Looks good. Good approach.

>      void setNameInternal(const String& name)
>      {   
> -        m_name = name;
> +        m_name = AtomicString(name);
>      }

This function is never called. It should be removed instead of modified.

> -        static AtomicString toString(bool type) { return type ? "true" : "false"; }
> +        static AtomicString toString(bool type) { return AtomicString(type ? "true" : "false"); }

> -        static AtomicString toString(int type) { return String::number(type); }
> +        static AtomicString toString(int type) { return AtomicString(String::number(type)); }

> -        static AtomicString toString(long type) { return String::number(type); }
> +        static AtomicString toString(long type) { return AtomicString(String::number(type)); }

> -        static AtomicString toString(const SVGLength& type) { return type.valueAsString(); }
> +        static AtomicString toString(const SVGLength& type) { return AtomicString(type.valueAsString()); }

> -        static AtomicString toString(float type) { return String::number(type); }
> +        static AtomicString toString(float type) { return AtomicString(String::number(type)); }

> -        static AtomicString toString(const FloatRect& type) { return String::format("%f %f %f %f", type.x(), type.y(), type.width(), type.height()); }
> +        static AtomicString toString(const FloatRect& type) { return AtomicString(String::format("%f %f %f %f", type.x(), type.y(), type.width(), type.height())); }

> -        static AtomicString toString(const String& type) { return type; }
> +        static AtomicString toString(const String& type) { return AtomicString(type); }

I do not understand why these functions return AtomicString objects! If an AtomicString is really needed here, then we should have versions of these functions that make the atomic string directly because making the String first is not good for cases where the AtomicString already exists.

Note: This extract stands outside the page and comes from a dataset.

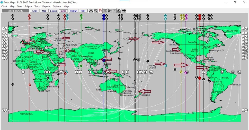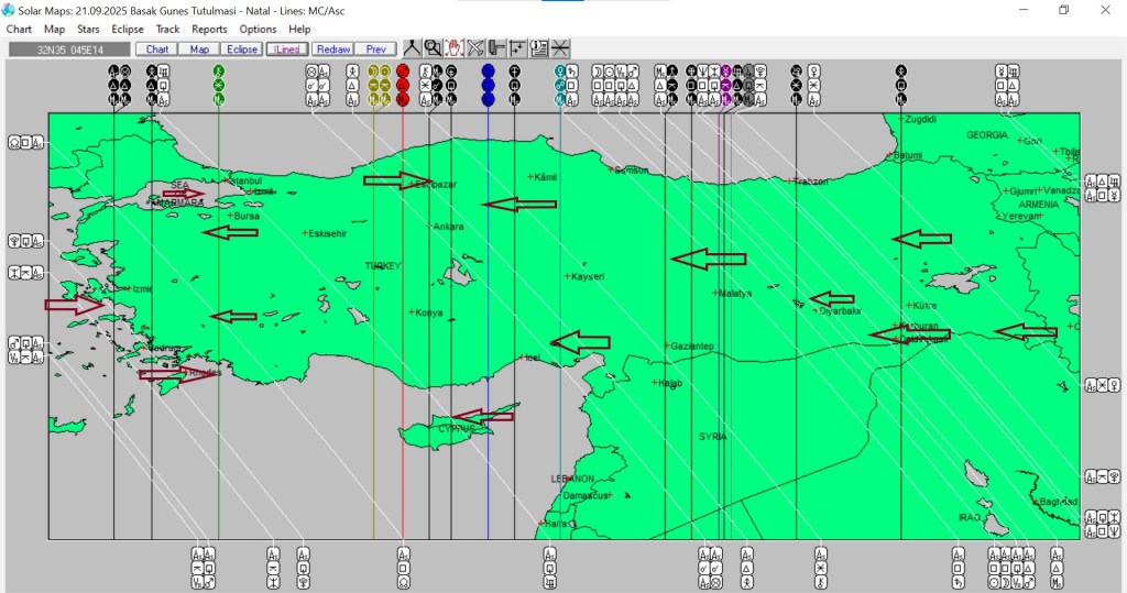Yukarıda 21 Eylül günü Başak burcunda gerçekleşecek Güneş tutulmasının dünya, aşağıda ise ülkemize ait astrokartografik haritalarını görmektesiniz. Haritalar üzerinde işaretli hatlar ve çevreleri, tutulma enerjisinden daha belirgin etkilenmesi olası yerlerdir.

I haven't reviewed V8 binding code before, but elsewhere WebKit coding style says the data member should be called m_v8Object, not _v8Object.

It also seems curious to me to use a template class instead of three different classes for V8Parameter, and also a bit strange that class name doesn't mention "string" at all.'

Otherwise seems fine. I'll say r=me but I would like some followup cleanup to the AtomicString issues if you're willing.
Comment 17 Jens Alfke 2009-11-18 10:24:34 PST
Thanks, Darin.

>This function is never called. It should be removed instead of modified.

I just tried deleting it, but it turns out it is called, at CSSGrammar.y:700.

>I do not understand why these functions return AtomicString objects!

Looks like they're only called by the PropertySynchronizer class, at SVGAnimatedProperty:477. The value gets stored into an Attribute as an AtomicString. So I can change those methods to return String and then just update PropertySynchronizer.

>If an
>AtomicString is really needed here, then we should have versions of these
>functions that make the atomic string directly

That would require extending AtomicString's API to add number() and format() factory methods. Doesn't seem worth the effort unless this is a known performance bottleneck; is it?

>It also seems curious to me to use a template class instead of three different
>classes for V8Parameter, and also a bit strange that class name doesn't mention
>"string" at all.'

Using templates was the most compact way to do it since all I had to repeat were the method implementations, not the rest of the class boilerplate. The name doesn't have "String" because I think this class could be extended in the future to handle more of the the parameter bindings, by adding typecast operators for other types like bool, int, etc.
Comment 18 Jens Alfke 2009-11-18 10:26:17 PST
Created attachment 43441 [details]
patch with updated SVG headers

Here are the changes to SVGAnimatedTemplate and SVGAnimatedProperty (and renaming the member variable). Look OK to you?
Comment 19 Jens Alfke 2009-11-18 11:58:49 PST
Committed revision 51125.
Comment 20 Eric Seidel (no email) 2009-11-18 12:10:21 PST
Comment on attachment 43441 [details]
patch with updated SVG headers

Thank you jens for fixing the SVG property mess.